Preschool programs can have a direct impact on the academic skills of ELLs, potentially closing the gap with quality education. Therefore, it is imperative that preschool personnel be trained to support the emergent literacy skills that prepare preschoolers to enter kindergarten ready to learn to read (Garcia & Gonzalez, 2006).

Emergent literacy skills are believed to develop during preschool years for most children, when they are "in the process of becoming literate" (e.g., Teale & Sulzby, 1986, p. xix; Justice, 2006; Yaden, Rowe & MacGillivray, 2000). The National Early Literacy Panel (2004) identified alphabet knowledge, phonological awareness, writing/writing name, oral language skills, and concepts about print in preschool children as predictors of later reading and writing success in elementary school children. Justice (2006) organized these skills into four domains:

  • Print knowledge—alphabet knowledge and concepts about print
  • Phonological awareness—sound awareness
  • Writing—name writing, invented spelling
  • Oral language—grammar, vocabulary, narrative

These same skills predict the reading performance of ELLs; however, they are not sufficient predictors because native-language performance also predicts English literacy skills (e.g., Dickinson, McCabe, Clark-Chiarelli, & Wolf, 2004).

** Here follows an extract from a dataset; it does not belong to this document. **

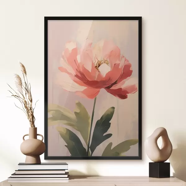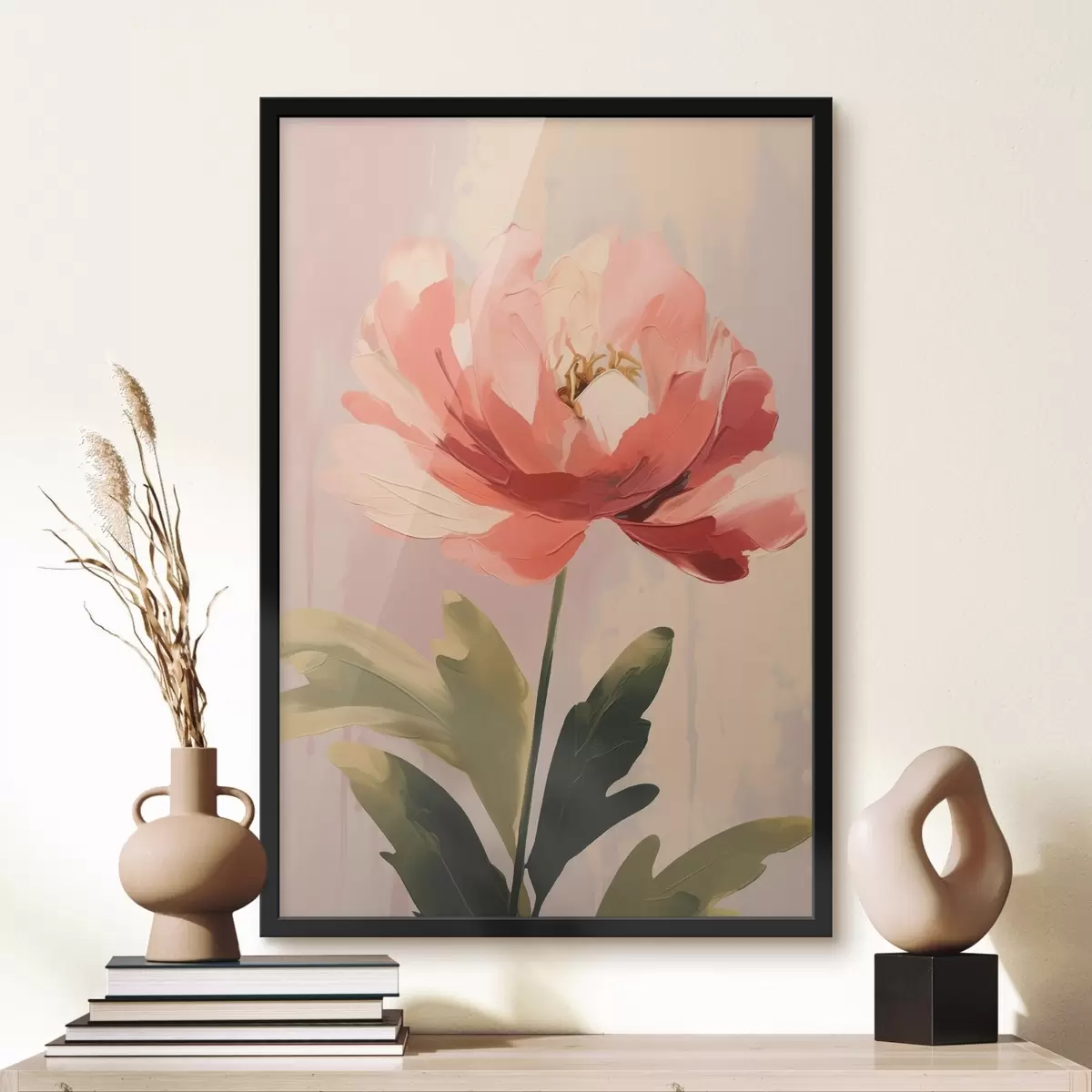 Постер на стіну Коралова півонія на пастельному тлі в стилі сучасної художньої ілюстрації Nr f46949

We propose a model to address emergent literacy in this population that involves native and second-language instruction through these four domains. To achieve success, ELLs must be in environments in which:

  • The first language and literacy are not only valued, but enriched in a planned and systematic manner
  • Instruction in English as a second language (ESL) is targeted to the child's English-language developmental level while also being challenging
  • Teachers are knowledgeable about the normal processes of ESL development and literacy development in bilinguals
  • The program has a strong home-school connection that provides parent training and views parents as resources

Print Knowledge

Print knowledge refers to a child's growing understanding of the relationship between the form and purpose of print (e.g., Adams, 1990; Justice & Ezell, 2004). Elements of print awareness include understanding print conventions, recognizing words and letters as distinct units of meaning, and having alphabet knowledge (Justice & Ezell, 2002; Lomax & McGee, 1987). Print knowledge has been associated with reading ability in English as a second language in ELLs (Klingner, Artiles, & Barletta, 2006).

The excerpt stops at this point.